Get Off of My Cloud: McAfee Releases Data Security Predictions for 2017
Nowadays, it's more than just your computer that is susceptible to hacking. In this age of the Internet of Things (IoT), pretty much anything connected to the cloud is at risk: smartphones, televisions, baby monitors, home security systems, even (gasp!) printers. (Remember when swastikas started shooting out of college printers back in March?)
Although these connected products are incredibly beneficial, innovation does not come without a cost.
A new report on cyber threats by McAfee Labs highlights what some of those risks might be to IoT and cloud security. The report makes 21 predictions regarding IoT security threats, legal actions and vendor responses in the next four years.
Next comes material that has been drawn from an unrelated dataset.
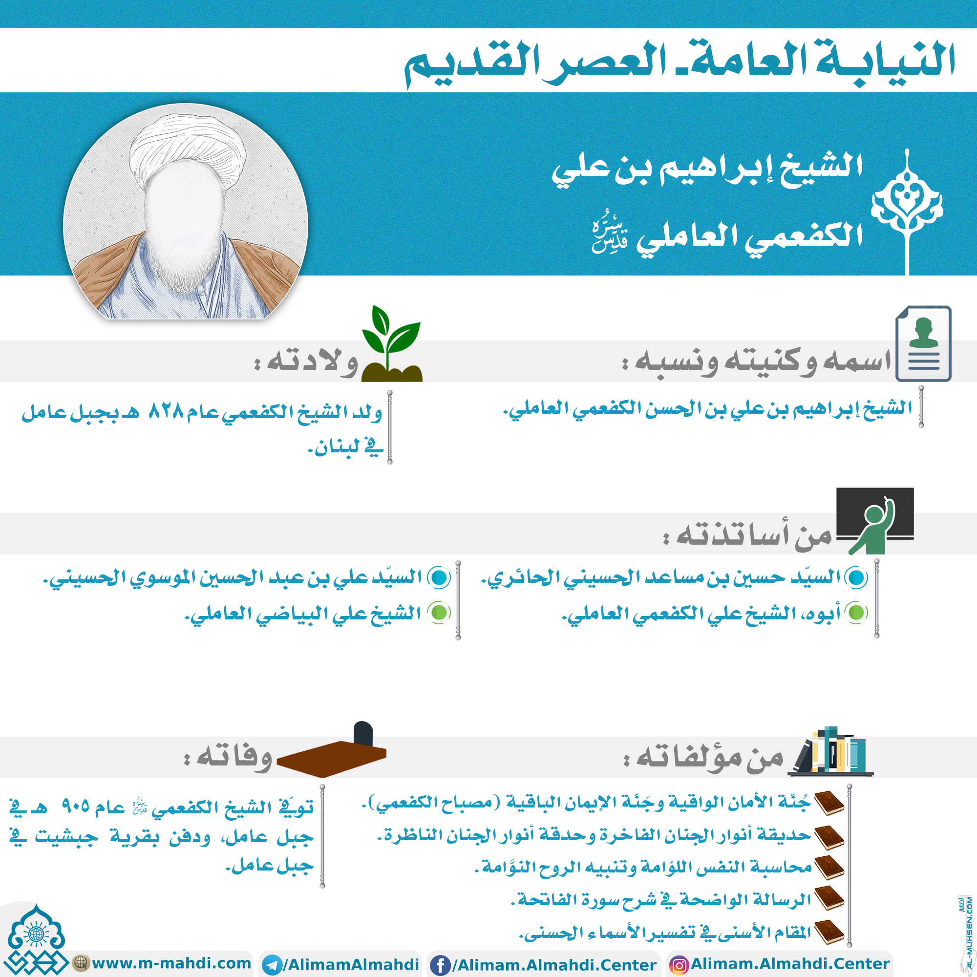?الشيخ إبراهيم بن علي الكفعمي العاملي (قدس سره) ?اسمه وكنيته ونسبه: الشيخ إبراهيم بن علي بن الحسن الكفعمي العاملي. ?ولادته: ولد الشيخ الكفعمي عام ٨٢٨ هـ بجبل عامل في لبنان. ?من أساتذته: - السيّد حسين بن مساعد الحسيني الحائري. - السيّد علي بن عبد الحسين الموسوي الحسيني. - أبوه، الشيخ علي…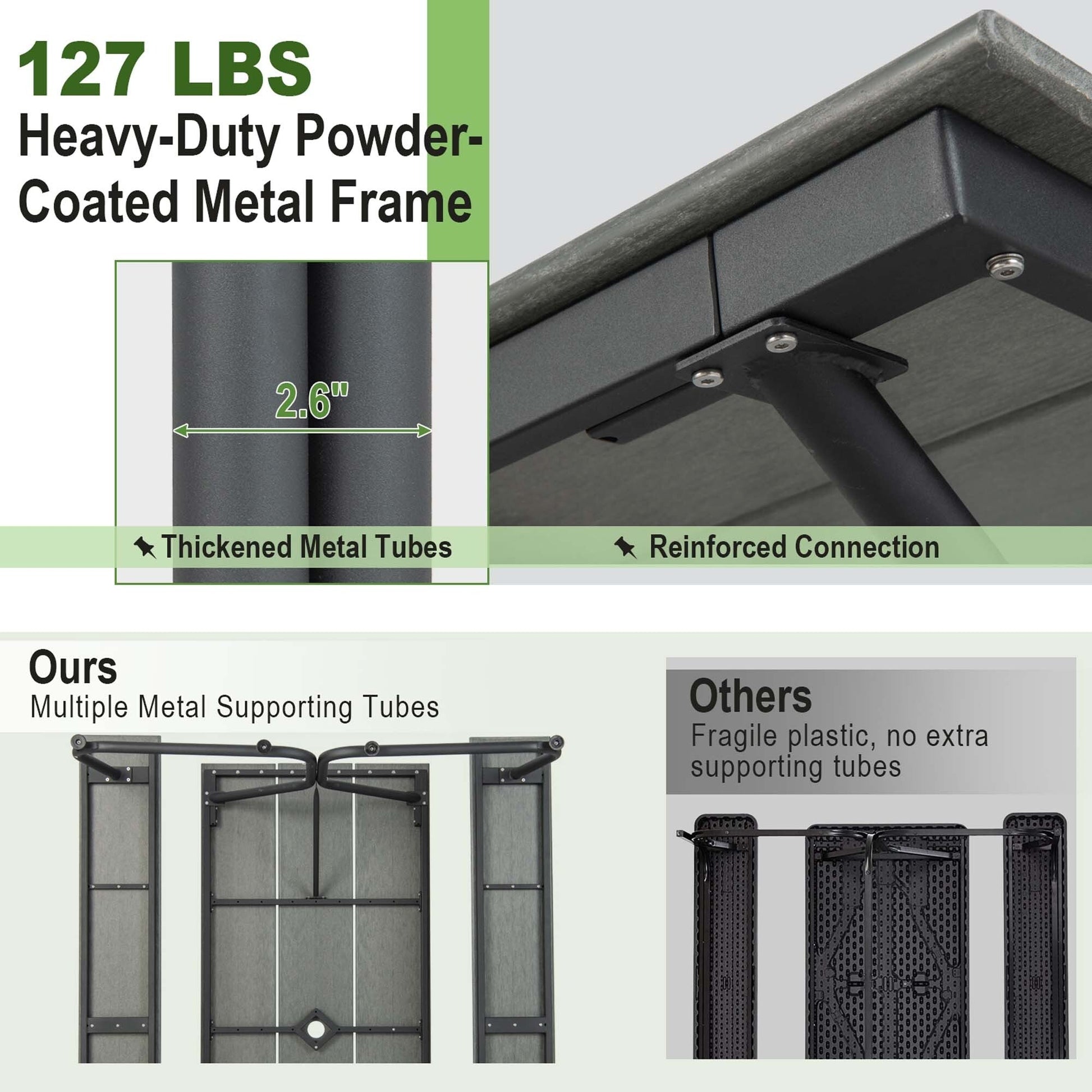 Questo set da picnic per esterni è progettato con un ampio tavolo da picnic e 2 panche, ciascuna delle quali può ospitare fino a 3-44 persone. A differenza di altri tavoli in legno, soggetti a corrosione, e di tavoli in metallo, soggetti a ruggine, il nostro piano in HDPE è resistente allo sporco, impermeabile e offre protezione solare, per una durata che dura negli anni. Inoltre, la robusta struttura in metallo è realizzata con tubi metallici ispessiti da 3,3 cm e adotta giunti rinforzati, garantendo un'ottima robustezza. 8 ampi piedini regolabili sul fondo contribuiscono a mantenerlo stabile anche su terreni irregolari. Inoltre, il tavolo da pranzo è dotato di un foro per ombrellone integrato (diametro: 5,8 cm), che offre praticità per l'inserimento di un ombrellone e per godersi un'area esterna ombreggiata. Con la sua squisita fattura e le linee eleganti, questo elegante tavolo da picnic può anche essere un elemento di spicco per qualsiasi spazio interno o esterno.

Unfortunately, but not surprisingly, the report cites predictions of greater interest in attacking the cloud in 2017, and IoT devices will be used as gateways to data and intellectual property theft. As more people put their trust in the cloud, more sensitive data passes through it; but a lot of IoT devices on the market today have little to no security.
However, the report also forecasts a collaboration among the cyber security industry to harden products against digital threats. We expect print manufacturers and data management companies will be part of this discussion.
As Intel Security’s McAfee Labs VP Vincent Weafer notes in a press release,
To overcome the designs of our adversaries, we need to go beyond understanding the threat landscape to changing the defender-attacker dynamics in six key areas: information asymmetry, making attacks more expensive, improving visibility, better identifying exploitation of legitimacy, improving protection for decentralized data, and detecting and protecting in agentless environments.
That goes for print professionals too. In an October 2016 article on PIworld.com, we discussed how cloud-based solutions are gaining traction in the printing industry and the risks associated with this trend:
There are legitimate concerns in placing your information, and ostensibly, that of your client, into a third-party provider’s hands. After all, you are accountable (and legally on the hook) for your customer’s information.
The fears and threat of hacking are always a possibility — perhaps now more than ever — so investing in data protection should be top priority for printing companies everywhere.